When visiting her mother’s grave, she encounters another woman dressed in mourning. She appears to be similar to Elizabeth-Jane in size and age, but is beautifully dressed. Elizabeth-Jane returns home and has another of her bad days. Henchard has come to the end of his two year run as Mayor and is not going to be chosen as an alderman. Furthermore, he has learned that Farfrae is to become one of the Council and knows that Elizabeth-Jane has waited on him (in the Three Mariners). Henchard believes his luck has changed since the arrival of his wife and Elizabeth-Jane. He snaps at her when she comes in and thinks about his mistake of forbidding Farfrae from seeing her. If Farfrae had been allowed to court her, he would not be ‘encumbered’ with her now and writes him a note in which he withdraws the objection.
The next day Elizabeth-Jane visits the churchyard again and hopes to see the lady again. Farfrae walks past and only glances at her and she feels depressed enough to say aloud that she wishes she were dead with her dear mother. She then turns and sees the woman. The stranger asks what has happened and guesses correctly that the tomb is for her mother. She also extracts from Elizabeth-Jane the news that she has had a disagreement with her father: ‘Her anxiety not to condemn Henchard while siding with Elizabeth-Jane was curious.’ She asks Elizabeth-Jane about her history and she tells her as much as she knows. She then offers her a position as part housekeeper and part companion at High-Place Hall (as she is moving in that day). Elizabeth-Jane is overjoyed about the offer and assents.

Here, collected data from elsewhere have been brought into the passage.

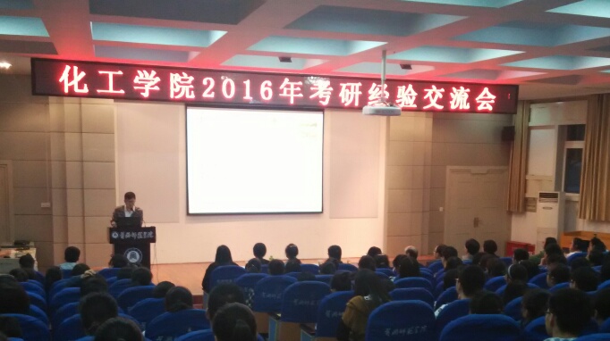 为帮助我化工学子明确考研目标,4月25日晚,我院2016年考研经验交流会在南区学术报告厅顺利召开。化工学院党总支书记夏启中,副院长叶发兵、田正芳出席交流会。
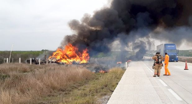 Personal de Protección Civil y Bomberos de Nuevo Laredo acudió hasta el lugar para combatir las enormes llamaradas que consumieron totalmente la unidad de carga y además dejaron una intensa humareda que se podía apreciar a kilómetros.
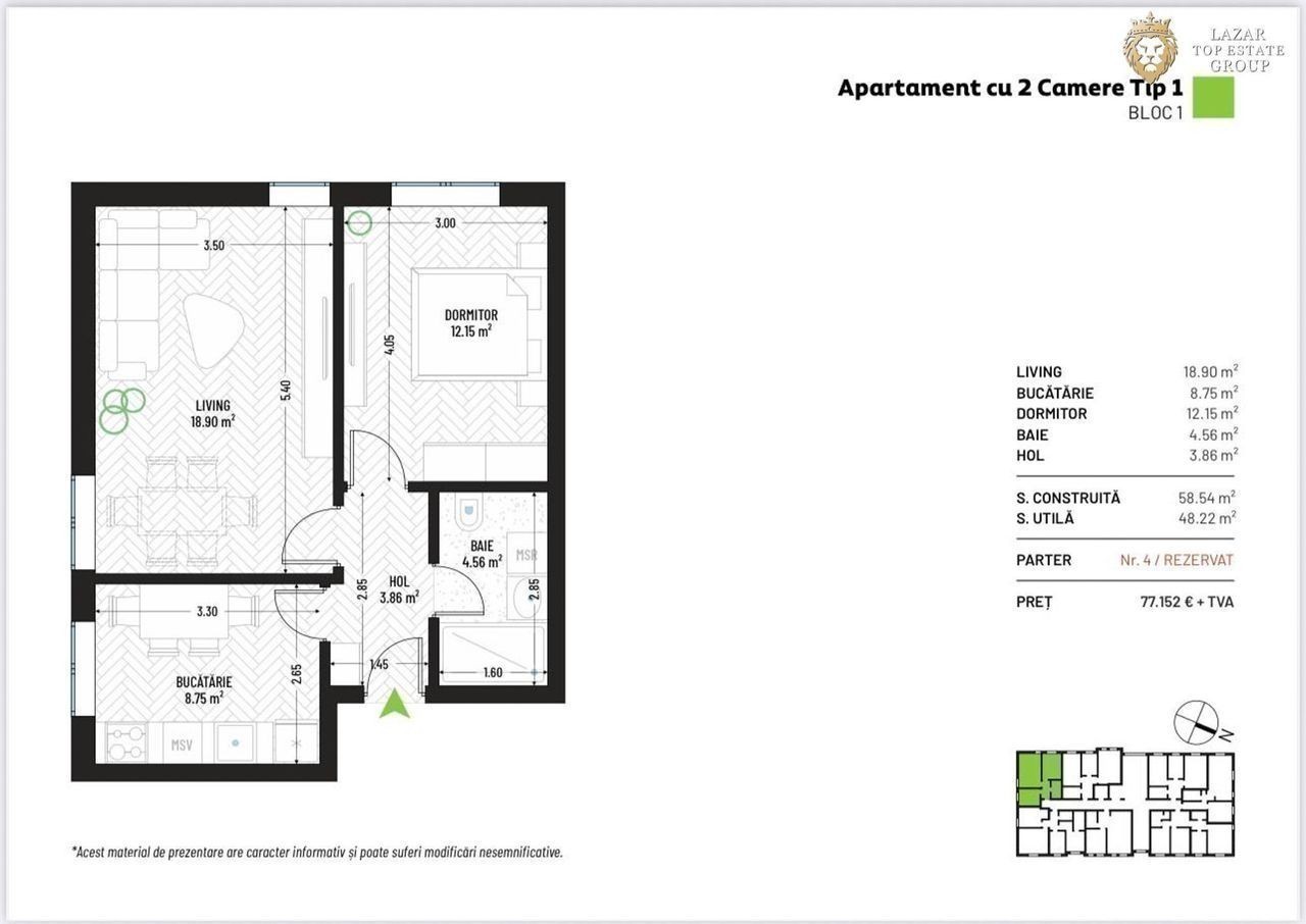 Green Park Apartments | Apartamente 2 camere | Parcare subterană inclusă | Etaje 1-3 | Finalizare septembrie 2026 Bloc 1 - Proiect rezidențial nou în fază de pre-vânzare Începere lucrări: August 2025 Finalizare estimată: Septembrie 2026 Loc de parcare subteran inclus în preț Descoperă apartamentele cu 2 camere din cadrul Green Park Apartments, fiecare cu balcon privat, compartimentare inteligentă, finisaje moderne și poziționare ideală într-o zonă liniștită, dar bine conectată la facilități urbane. Tip 1 - Apartament compact, eficient și accesibil • Suprafață utilă: 48.22 mp • Balcon: 4.80 mp • Suprafață construită: 58.54 mp • Living: 18.90 mp • Bucătărie: 8.75 mp • Dormitor: 12.15 mp • Baie: 4.56 mp • Hol: 3.86 mp • Preț: 77.152 € + TVA • Etaj: Parter Tip 2 - Dormitor spațios și zonare echilibrată • Suprafață utilă: 52.94 mp • Suprafață construită: 68.18 mp • Living: 18.20 mp • Bucătărie: 8.45 mp • Dormitor: 14.28 mp • Baie: 5.13 mp • Hol: 6.88 mp • Preț: 84.704 € + TVA • Etaj: Parter Tip 3 - Bucătărie separată și living generos • Suprafață utilă: 52.31 mp • Suprafață construită: 61.75 mp • Living: 18.20 mp • Bucătărie: 8.76 mp • Dormitor: 13.68 mp • Baie: 5.13 mp • Hol: 6.54 mp • Preț: 83.696 € + TVA • Etaj: Parter Tip 4 - Apartament luminos cu balcon privat • Suprafață utilă: 48.22 mp • Balcon: 4.80 mp • Suprafață construită: 58.54 mp • Living: 18.90 mp • Bucătărie: 8.75 mp • Dormitor: 12.15 mp • Baie: 4.56 mp • Hol: 3.86 mp • Preț: 84.832 € + TVA • Etaje: 1, 2, 3 Tip 5 - Cel mai spațios apartament cu balcon • Suprafață utilă: 52.94 mp • Balcon: 4.20 mp • Suprafață construită: 68.18 mp • Living: 18.20 mp • Bucătărie: 8.45 mp • Dormitor: 14.28 mp • Baie: 5.13 mp • Hol: 6.88 mp • Preț: 91.424 € + TVA • Etaj: 3 (Nr. 28) Tip 6 - Apartament cu balcon mare și compartimentare ideală • Suprafață utilă: 52.31 mp • Balcon: 4.68 mp • Suprafață construită: 61.75 mp • Living: 18.20 mp • Bucătărie: 8.76 mp • Dormitor: 13.68 mp • Baie: 5.13 mp • Hol: 6.54 mp • Preț: 91.184 € + TVA • Etaje: 2, 3 Avantaje incluse: • Parcare subterană inclusă în preț • Lift modern pe fiecare nivel • Finisaje de calitate superioară • Zonă liniștită, cu acces rapid către facilități urbane • Ideal pentru locuință proprie sau investiție Contactează-ne pentru prezentare detaliată și rezervări:
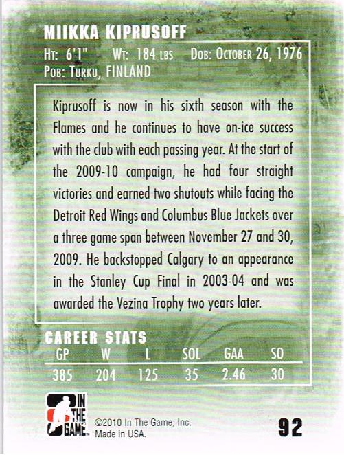 2009-10 Between The Pipes #92 Miikka Kiprusoff
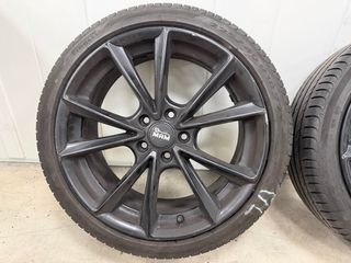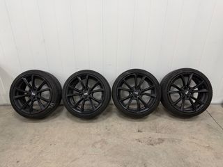 Juego de 4 llantas negras de 18 pulgadas con anclaje 5x112, compatibles con vehículos del grupo VAG ( SEAT AUDI SKODA VOLKSWAGEN ) con neumaticos 225 40 R18 del año 2022 a mas de media vida. ET 45. TIENEN ALGUN ROCE PEQUEÑO DE BORDILLO
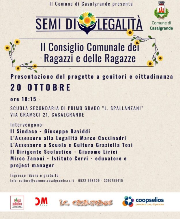 Nell’ambito del progetto “Semi di legalià”, lunedì 20 ottobre, dalle 18:00 alle 19:00, a Casalgrande (Reggio Emilia) si riunisce “Il Consiglio Comunale dei Ragazzi e delle […]Leggi tutto Il 20 ottobre a Casalgrande si riunisce il Consiglio Comunale dei Ragazzi e delle Ragazze

Analysis – Chapters Eighteen, Nineteen and Twenty
It is ironic that Henchard finally reveals the truth, as he believes it to be, about being Elizabeth-Jane’s father only to discover shortly after that Susan has lied to him. His initial decision to tell his step-daughter the news that he is her father is based on his own need to have such contact in his life, but when he discovers she is not his blood relation after all he impulsively distances himself from her. He is characteristically driven by his own needs throughout the majority of the novel and this is evident in his desire to be free of her once he has discovered she is not his biological daughter. This wish to get rid of her is made literal when he writes to Farfrae to inform him he is now at liberty to court Elizabeth-Jane.